Unix V5, OpenBSD, Plan 9, FreeBSD, and GNU Coreutils Implementations of Echo.c

jws · on Feb 22, 2015

Looks like Plan 9 and FreeBSD are the only ones to correctly handle write errors. The others just silently ignore them. I guess the moral is "Don't rely on echo to save important data."

Also, the comment…

    /* This utility may NOT do getopt(3) option parsing. */

… which appears in two of them certainly cries out for an explanation. Was it true in NetBSD? Is it still true? Will people call us names if we do?

Update: bash does not handle errors. zsh might, it checks the result of fclose() or if stdout, fflush(). I'm not sure that is sufficient after ignoring all the fwrite() and fputc() errors. Plus it's in an 850 line function and my monitor is only 20" tall, so I'm not following all of it.

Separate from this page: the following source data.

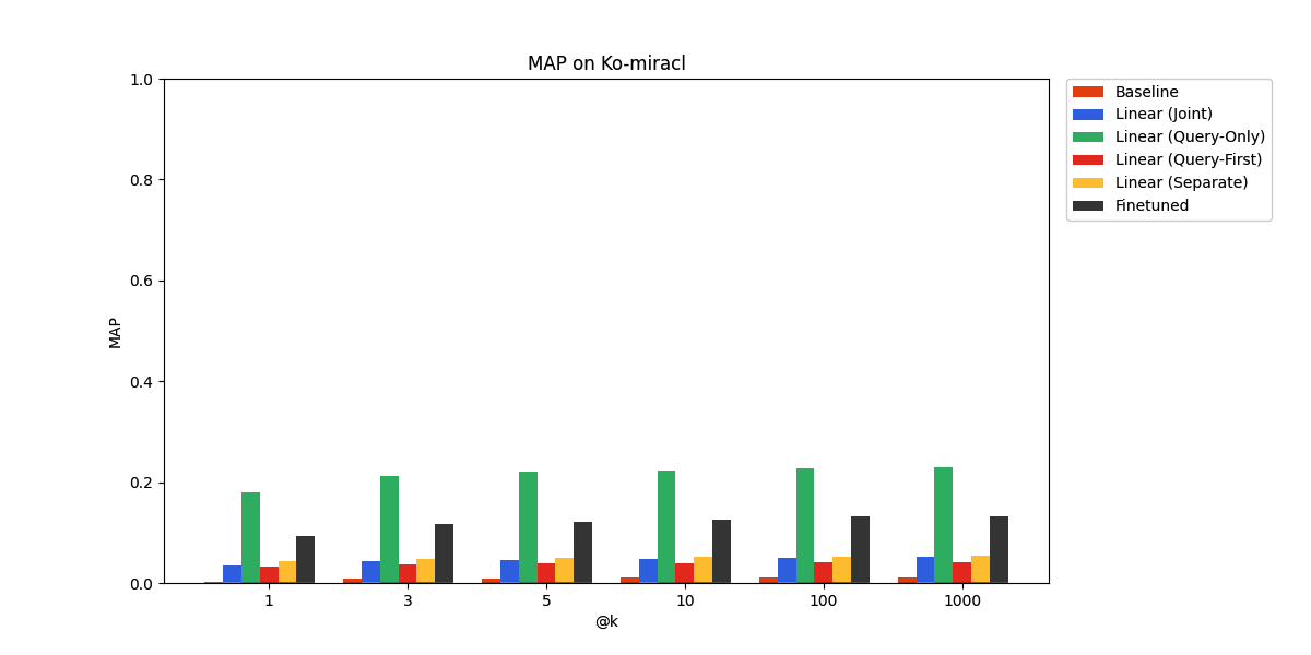 Finally, on Ko-miracl, a Korean language benchmark, the language gap proves too difficult to bridge through our adaptation approaches.
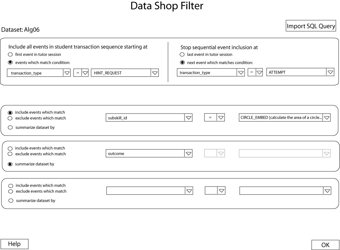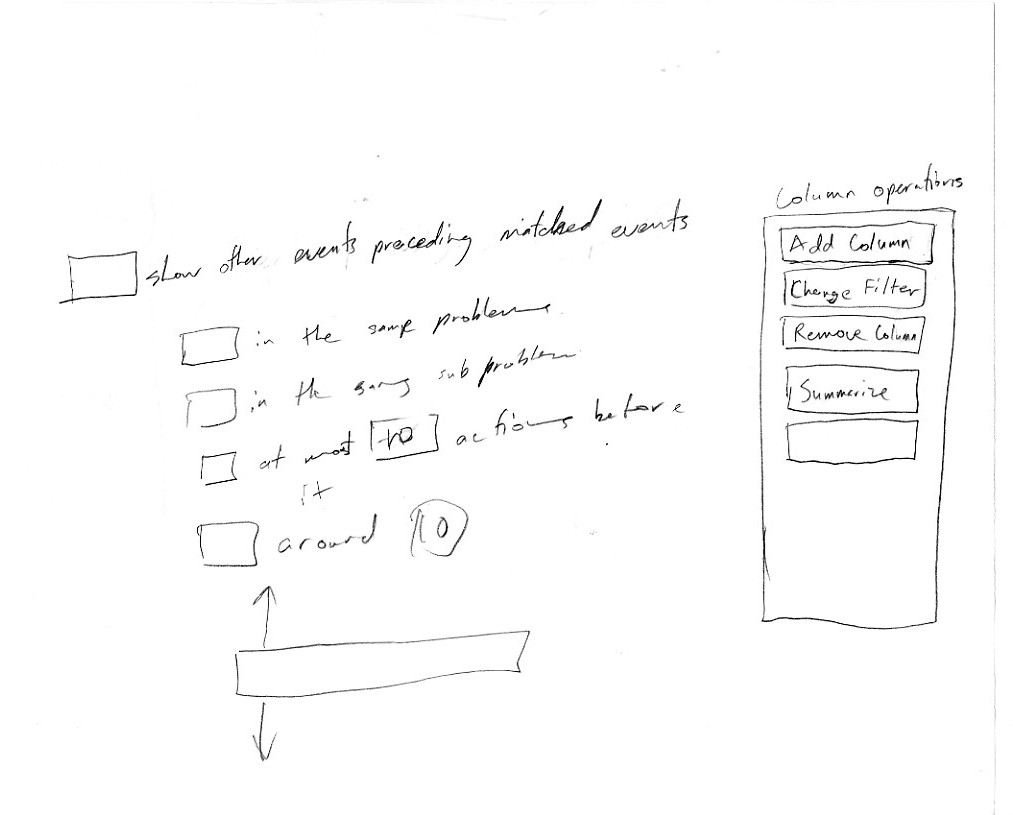 This design was a well-intentioned attempt at sequential filtering in the data explorer (what later became the data export). At the top, it allowed users to set where their sequence of events begins and ends. The default settings were the beginning and end of a session, which would include all transactions unless other filters were applied below. Users could specify the start or end of a sequence with conditions that matched a given criteria, such as 'outcome = incorrect'. This design never made it past the paper prototype phase for a number of reasons:
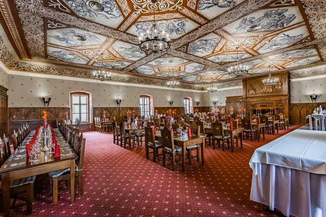 Jídlo si vychutnáte v nádherně zdobených sálech, které vám poskytnou nejen vizuální, ale i unikátní gastronomický zážitek. O snídani a večeři se starat nemusíte, vždyť ani králové nemuseli.
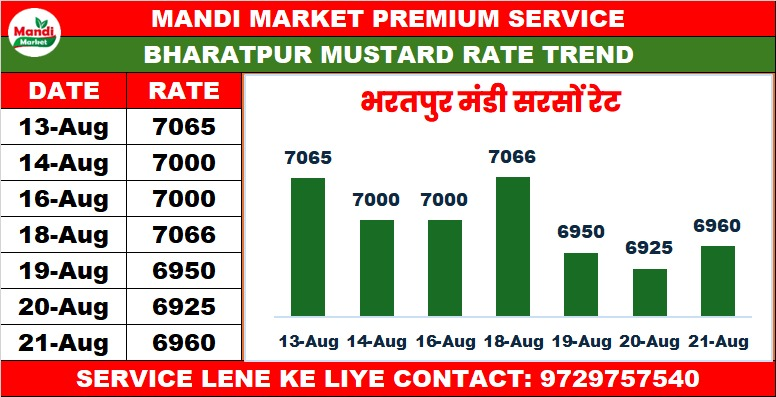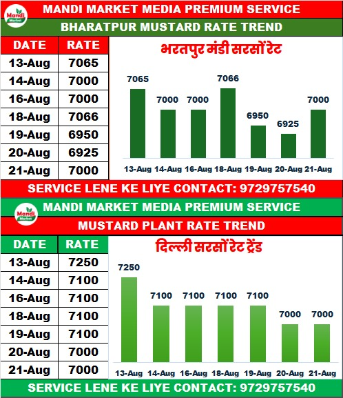 सरसों मण्डी भाव ₹ 7000 तेजी ₹ 50
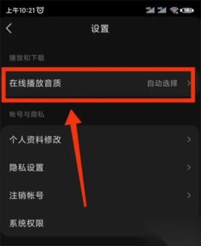 在设置页面,找到“在线播放音质”选项并点击,就能对音质进行调整,可选的音质级别包括标准、较高、极高和无损这几种。
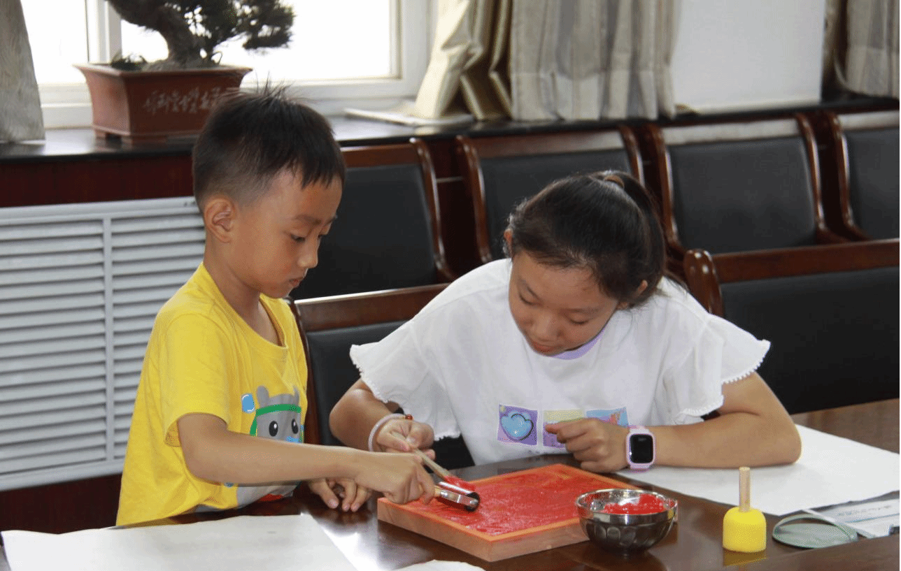 教学内容完成后,开始手工制作体验。在古籍部老师们的现场指导下,小读者们两两配合,上墨、覆纸、刷印、起纸、晾干,在一拓一印之间,将技艺变为实物作品,体验了雕版印刷中的油墨印刷环节。作品完成之后,孩子们把各自的雕版印刷作品镶嵌在画框中展示,并由古籍部老师带领参观馆藏古籍,零距离感受中华优秀传统文化的书卷之美。

Update2: asveikau is correct. The only ones to attempt error handling miss short reads. FreeBSD also misses EAGAIN/EINTR handling. Plan9 doesn't need that, but its man page explicitly states that short writes should be considered errors by the caller.

I guess it's official. The unix read/write system calls are too complicated to be used by experts in the operating system. (I've rather thought that for some time now.)

anon1385 · on Feb 22, 2015

There was actually a project for the GNU Coreutils to make sure that write errors were being reported[1]. It looks like echo is using the "atexit (close_stdout);" method described in that talk to close the stream and detect errors. You can see what close_stdout actually does here: http://git.savannah.gnu.org/cgit/gnulib.git/tree/lib/closeou...

Arguably GNU echo is the only one to actually get this correct. Which is kinda amusing given how the comments on github are all about how ugly and bloated it is and how elegant the Plan9 and UnixV ones are.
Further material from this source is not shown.